**Goal of the exercise**.
Repeat exactly the lines below that lie between the line with "On our way out" and the line with "Играет на Counter", counting both of those lines as part of the answer.

**Material for this task**.
════════

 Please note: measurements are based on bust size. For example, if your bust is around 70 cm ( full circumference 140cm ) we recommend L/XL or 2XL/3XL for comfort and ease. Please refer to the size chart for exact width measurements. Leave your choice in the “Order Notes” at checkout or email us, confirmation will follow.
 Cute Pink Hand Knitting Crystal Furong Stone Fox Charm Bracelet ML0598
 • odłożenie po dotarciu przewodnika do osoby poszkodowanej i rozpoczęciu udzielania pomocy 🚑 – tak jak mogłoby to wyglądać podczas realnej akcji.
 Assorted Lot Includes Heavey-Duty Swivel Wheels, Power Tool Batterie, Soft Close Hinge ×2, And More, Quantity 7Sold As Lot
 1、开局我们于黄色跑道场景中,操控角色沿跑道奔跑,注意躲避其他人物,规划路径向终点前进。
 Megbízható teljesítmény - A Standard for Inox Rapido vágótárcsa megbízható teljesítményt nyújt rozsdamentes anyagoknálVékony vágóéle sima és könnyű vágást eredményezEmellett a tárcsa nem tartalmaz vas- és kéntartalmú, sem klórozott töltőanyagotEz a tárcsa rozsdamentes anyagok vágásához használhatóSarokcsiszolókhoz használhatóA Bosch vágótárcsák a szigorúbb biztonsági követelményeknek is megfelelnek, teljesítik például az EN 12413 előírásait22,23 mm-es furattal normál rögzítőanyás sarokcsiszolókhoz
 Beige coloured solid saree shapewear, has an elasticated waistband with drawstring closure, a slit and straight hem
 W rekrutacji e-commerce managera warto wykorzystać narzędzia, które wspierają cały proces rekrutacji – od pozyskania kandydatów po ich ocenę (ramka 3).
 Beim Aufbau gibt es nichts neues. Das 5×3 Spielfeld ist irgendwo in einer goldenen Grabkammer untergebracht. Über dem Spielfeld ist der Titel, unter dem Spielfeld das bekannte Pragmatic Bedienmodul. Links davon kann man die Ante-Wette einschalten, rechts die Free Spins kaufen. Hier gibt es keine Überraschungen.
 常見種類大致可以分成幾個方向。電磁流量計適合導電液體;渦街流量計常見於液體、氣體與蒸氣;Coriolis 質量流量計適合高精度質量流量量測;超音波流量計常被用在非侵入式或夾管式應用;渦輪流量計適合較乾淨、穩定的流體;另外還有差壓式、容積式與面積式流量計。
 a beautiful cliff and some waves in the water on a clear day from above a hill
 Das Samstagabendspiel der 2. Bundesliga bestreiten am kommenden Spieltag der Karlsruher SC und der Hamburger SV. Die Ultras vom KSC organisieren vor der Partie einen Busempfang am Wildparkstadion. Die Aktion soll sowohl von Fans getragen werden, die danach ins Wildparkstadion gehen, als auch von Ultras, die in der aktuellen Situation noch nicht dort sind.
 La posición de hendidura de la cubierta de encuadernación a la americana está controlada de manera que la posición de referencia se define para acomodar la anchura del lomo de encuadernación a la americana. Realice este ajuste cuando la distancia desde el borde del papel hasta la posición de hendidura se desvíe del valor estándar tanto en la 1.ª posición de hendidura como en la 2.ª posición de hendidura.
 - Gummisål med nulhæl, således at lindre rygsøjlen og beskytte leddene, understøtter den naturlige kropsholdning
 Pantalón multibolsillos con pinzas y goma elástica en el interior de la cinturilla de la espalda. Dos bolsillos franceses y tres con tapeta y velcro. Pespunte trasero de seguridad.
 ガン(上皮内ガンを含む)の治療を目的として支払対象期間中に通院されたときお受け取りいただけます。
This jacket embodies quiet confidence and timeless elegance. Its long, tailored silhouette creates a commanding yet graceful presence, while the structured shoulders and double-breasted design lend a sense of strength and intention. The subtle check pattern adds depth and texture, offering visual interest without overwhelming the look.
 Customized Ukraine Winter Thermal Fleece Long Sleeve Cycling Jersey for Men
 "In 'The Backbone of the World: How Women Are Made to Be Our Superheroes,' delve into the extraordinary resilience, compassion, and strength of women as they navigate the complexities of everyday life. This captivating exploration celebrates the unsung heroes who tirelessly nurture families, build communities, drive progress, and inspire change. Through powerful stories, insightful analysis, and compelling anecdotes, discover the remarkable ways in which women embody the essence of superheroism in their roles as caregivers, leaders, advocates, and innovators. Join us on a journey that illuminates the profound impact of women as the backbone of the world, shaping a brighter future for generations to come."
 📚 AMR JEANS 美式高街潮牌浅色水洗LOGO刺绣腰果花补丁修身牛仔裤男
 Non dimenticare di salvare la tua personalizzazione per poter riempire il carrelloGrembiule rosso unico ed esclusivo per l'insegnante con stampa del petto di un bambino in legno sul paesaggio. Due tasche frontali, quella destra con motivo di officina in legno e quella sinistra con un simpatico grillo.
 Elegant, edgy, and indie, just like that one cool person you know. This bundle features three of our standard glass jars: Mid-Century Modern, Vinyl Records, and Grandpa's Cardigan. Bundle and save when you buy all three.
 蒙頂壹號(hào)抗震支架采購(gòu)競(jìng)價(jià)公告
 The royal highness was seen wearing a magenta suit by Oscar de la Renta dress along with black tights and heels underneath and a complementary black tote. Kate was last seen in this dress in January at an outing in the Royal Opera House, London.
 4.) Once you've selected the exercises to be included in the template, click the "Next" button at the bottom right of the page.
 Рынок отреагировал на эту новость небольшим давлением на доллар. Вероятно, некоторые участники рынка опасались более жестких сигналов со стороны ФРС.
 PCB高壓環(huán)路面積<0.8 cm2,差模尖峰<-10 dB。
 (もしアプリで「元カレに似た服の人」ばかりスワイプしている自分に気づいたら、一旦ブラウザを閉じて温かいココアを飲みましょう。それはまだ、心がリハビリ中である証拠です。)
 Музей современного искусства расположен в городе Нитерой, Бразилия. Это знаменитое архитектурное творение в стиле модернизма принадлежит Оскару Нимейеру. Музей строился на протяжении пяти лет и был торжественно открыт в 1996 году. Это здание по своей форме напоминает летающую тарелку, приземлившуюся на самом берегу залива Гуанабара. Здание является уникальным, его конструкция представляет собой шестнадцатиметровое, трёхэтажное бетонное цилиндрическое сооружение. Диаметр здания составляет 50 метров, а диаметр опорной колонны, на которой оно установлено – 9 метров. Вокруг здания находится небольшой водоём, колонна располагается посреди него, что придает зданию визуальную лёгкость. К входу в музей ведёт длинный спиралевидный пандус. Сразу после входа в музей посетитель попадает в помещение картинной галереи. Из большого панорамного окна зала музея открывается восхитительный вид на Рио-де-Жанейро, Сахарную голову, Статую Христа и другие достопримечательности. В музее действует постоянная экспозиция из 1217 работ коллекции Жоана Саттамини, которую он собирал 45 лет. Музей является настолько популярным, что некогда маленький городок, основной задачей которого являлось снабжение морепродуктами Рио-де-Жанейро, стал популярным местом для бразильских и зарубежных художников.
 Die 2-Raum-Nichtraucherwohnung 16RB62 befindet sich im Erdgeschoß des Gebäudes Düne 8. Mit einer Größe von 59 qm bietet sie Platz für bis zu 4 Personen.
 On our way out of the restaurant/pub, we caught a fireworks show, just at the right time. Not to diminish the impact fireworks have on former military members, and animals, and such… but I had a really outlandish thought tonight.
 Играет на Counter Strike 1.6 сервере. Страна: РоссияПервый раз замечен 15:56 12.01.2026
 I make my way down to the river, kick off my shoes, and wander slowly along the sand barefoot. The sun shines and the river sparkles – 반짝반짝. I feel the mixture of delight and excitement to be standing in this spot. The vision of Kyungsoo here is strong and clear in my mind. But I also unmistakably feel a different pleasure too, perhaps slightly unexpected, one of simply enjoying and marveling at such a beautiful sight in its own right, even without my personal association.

════════

**Output of the exercise**.
 On our way out of the restaurant/pub, we caught a fireworks show, just at the right time. Not to diminish the impact fireworks have on former military members, and animals, and such… but I had a really outlandish thought tonight.
 Играет на Counter Strike 1.6 сервере. Страна: РоссияПервый раз замечен 15:56 12.01.2026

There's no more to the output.